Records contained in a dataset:
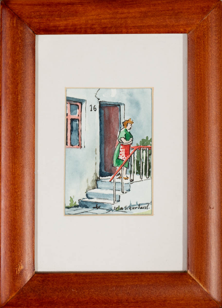 Frúin í 16 - Vatnslitir - Merkt. 8 x 5 cm
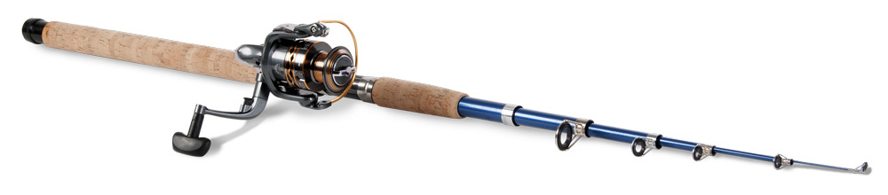 Rybárska súprava na sladkovodný rybolov. Sada obsahuje univerzálny teleskopický prút a navijak.
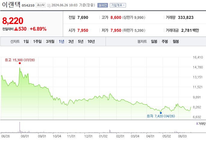 이랜텍 주가는 지난 1년간 큰 변동을 보였습니다. 최고가는 2023년 7월 15,300원, 최저가는 2024년 4월 7,420원으로 기록되었습니다. 현재 주가는 8,220원으로 전일 대비 6.89% 상승하였습니다.
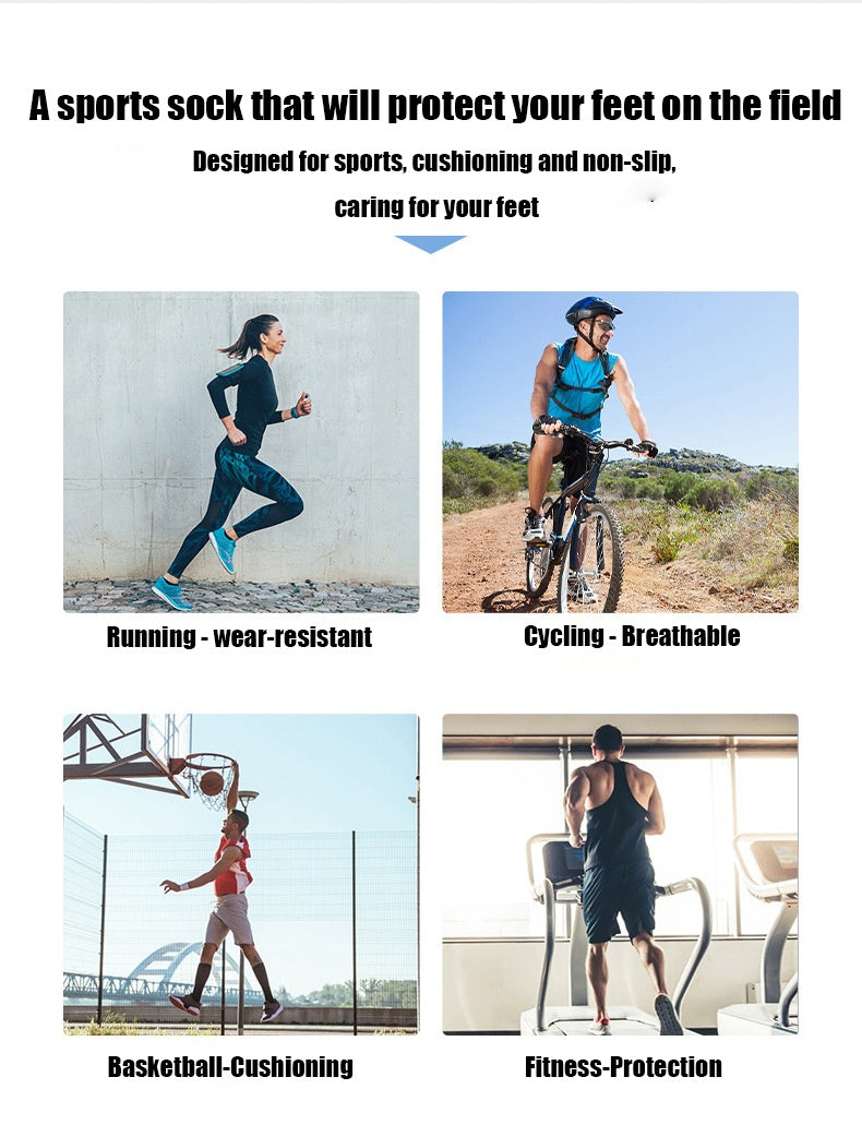 5.Elegant design and performance socks are suitable for all kinds of sports and all kinds of occasions, such as running, basketball, soccer, sports, work, training and so on.
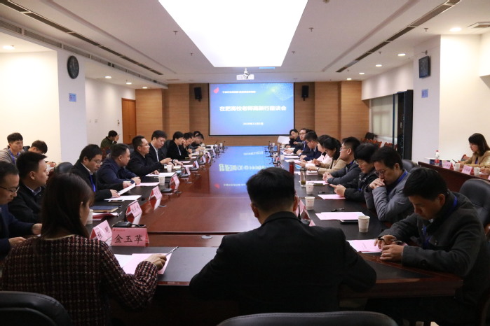 参观结束,在管委会会议室召开了“在肥高校老师高新行”座谈会,团市委副书记车恂、黄坤出席会议,高新区工委书记宋道军,高新区科技局副局长肖亚东,高新区人事劳动局工作人员洪唯,园区企业负责人和各高校老师代表参会。
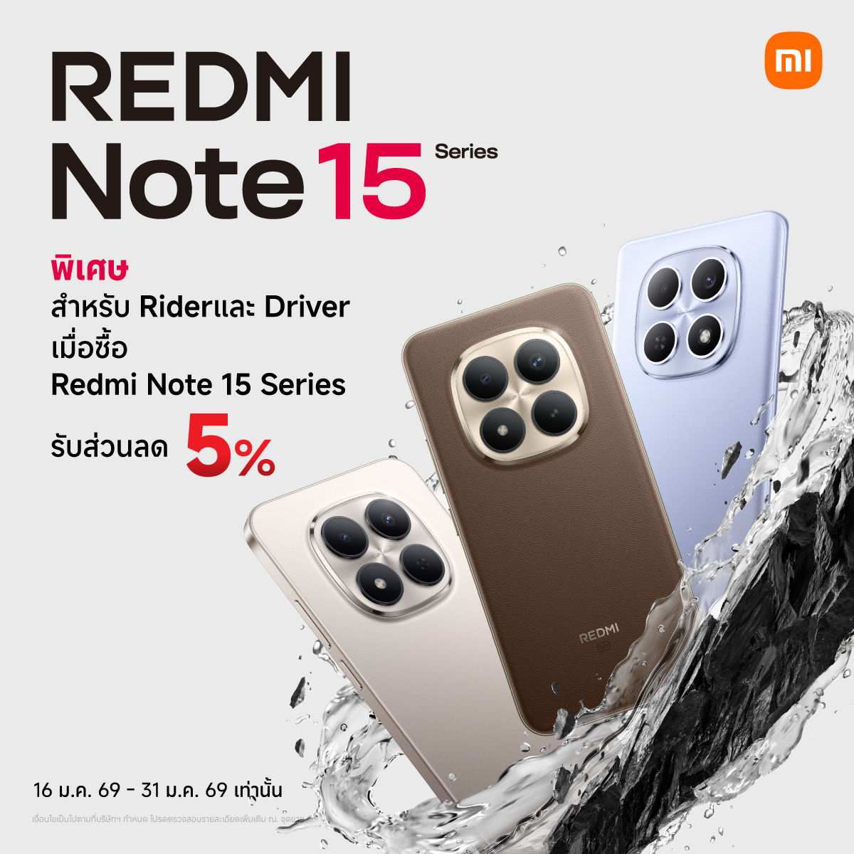 Xiaomi Thailand ประกาศมาตรการสนับสนุนกลุ่มผู้ให้บริการรับ-ส่งอาหารและผู้โดยสาร (Rider & Driver) จากแพลตฟอร์ม Grab, LINE MAN และ Bolt เพื่อส่งต่อความแข็งแกร่งในการทำงานทุกสภาวะอากาศ โดยมอบส่วนลดพิเศษ 5% ทันทีเมื่อซื้อสมาร์ตโฟนซีรีส์ล่าสุด Redmi Note 15 Series ทุกรุ่น เพียงกดรับโค้ดส่วนลดผ่านแอปพลิเคชันของผู้ให้บริการต้นสังกัดเพื่อนำมาแสดง ณ Xiaomi Store 56 สาขาที่ร่วมรายการ หรือกรอกรหัสผ่านช่องทางออนไลน์
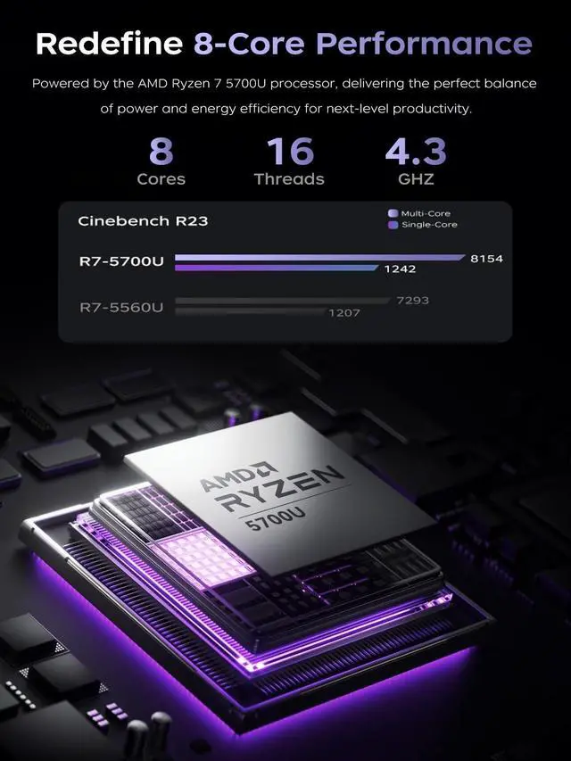 AMD Ryzen7 Processor: MALLRACE Windows 11 laptop is equipped with AMD Ryzen7 5000 Series with 8 cores and 16 threads at up to 4.3 GHz, which is able to easily cope with the processing of complex work, ensure smooth processes and provide stable and efficient work.
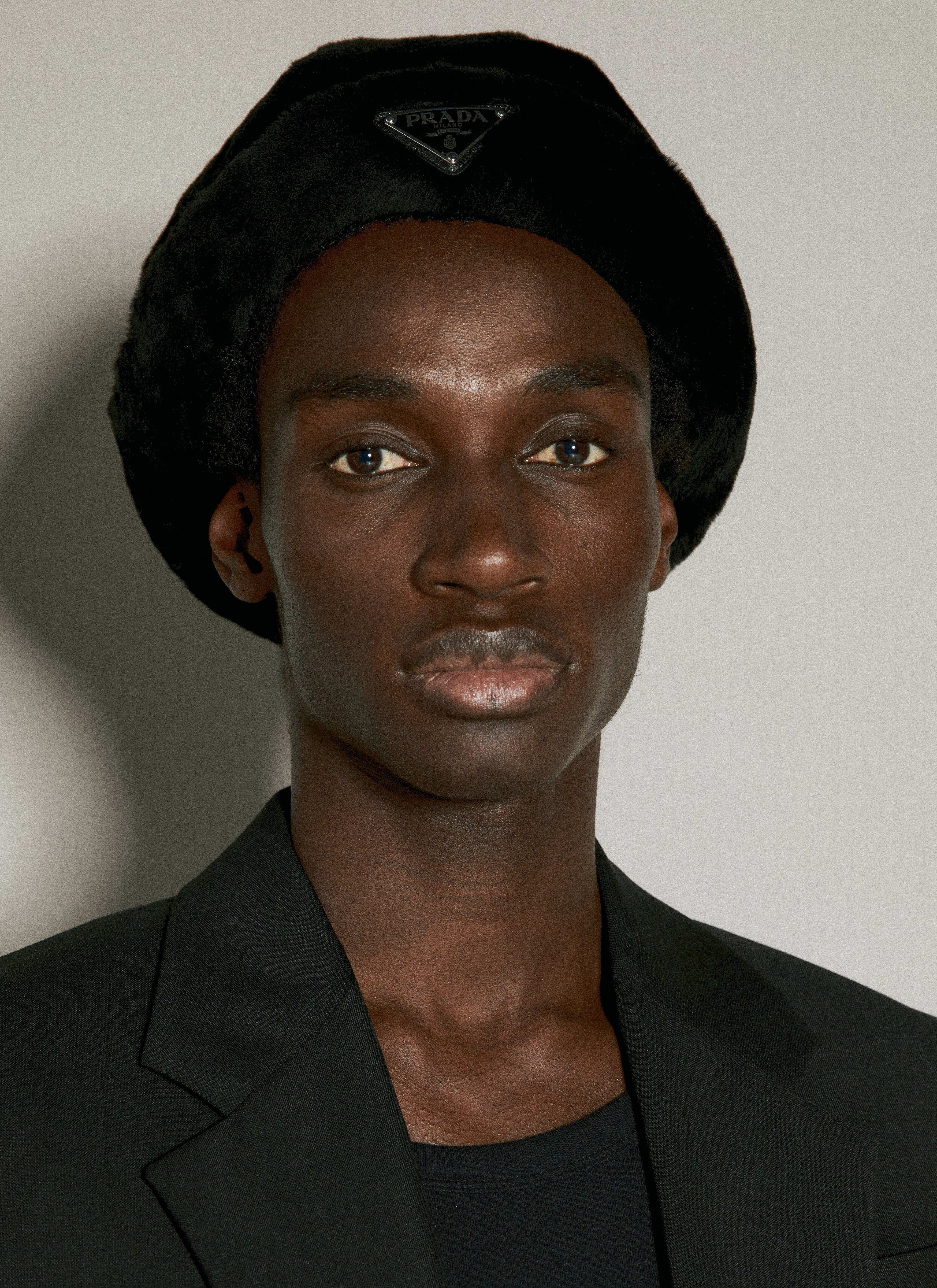 Shearling hat with front logo plaque. - Round crown - Folded brim - Logo plaque at brim - Quilted lining - Made in Italy - 100% Shearling - Color: Black - Code: 2HC168 2EC9 F0002

Instructions to follow. Take the line containing "参观结束,在管委会会议室召开" and every line after it to the end of the records, and restate them verbatim, with no pictures.

Your solution.
 参观结束,在管委会会议室召开了“在肥高校老师高新行”座谈会,团市委副书记车恂、黄坤出席会议,高新区工委书记宋道军,高新区科技局副局长肖亚东,高新区人事劳动局工作人员洪唯,园区企业负责人和各高校老师代表参会。
 Xiaomi Thailand ประกาศมาตรการสนับสนุนกลุ่มผู้ให้บริการรับ-ส่งอาหารและผู้โดยสาร (Rider & Driver) จากแพลตฟอร์ม Grab, LINE MAN และ Bolt เพื่อส่งต่อความแข็งแกร่งในการทำงานทุกสภาวะอากาศ โดยมอบส่วนลดพิเศษ 5% ทันทีเมื่อซื้อสมาร์ตโฟนซีรีส์ล่าสุด Redmi Note 15 Series ทุกรุ่น เพียงกดรับโค้ดส่วนลดผ่านแอปพลิเคชันของผู้ให้บริการต้นสังกัดเพื่อนำมาแสดง ณ Xiaomi Store 56 สาขาที่ร่วมรายการ หรือกรอกรหัสผ่านช่องทางออนไลน์
 AMD Ryzen7 Processor: MALLRACE Windows 11 laptop is equipped with AMD Ryzen7 5000 Series with 8 cores and 16 threads at up to 4.3 GHz, which is able to easily cope with the processing of complex work, ensure smooth processes and provide stable and efficient work.
 Shearling hat with front logo plaque. - Round crown - Folded brim - Logo plaque at brim - Quilted lining - Made in Italy - 100% Shearling - Color: Black - Code: 2HC168 2EC9 F0002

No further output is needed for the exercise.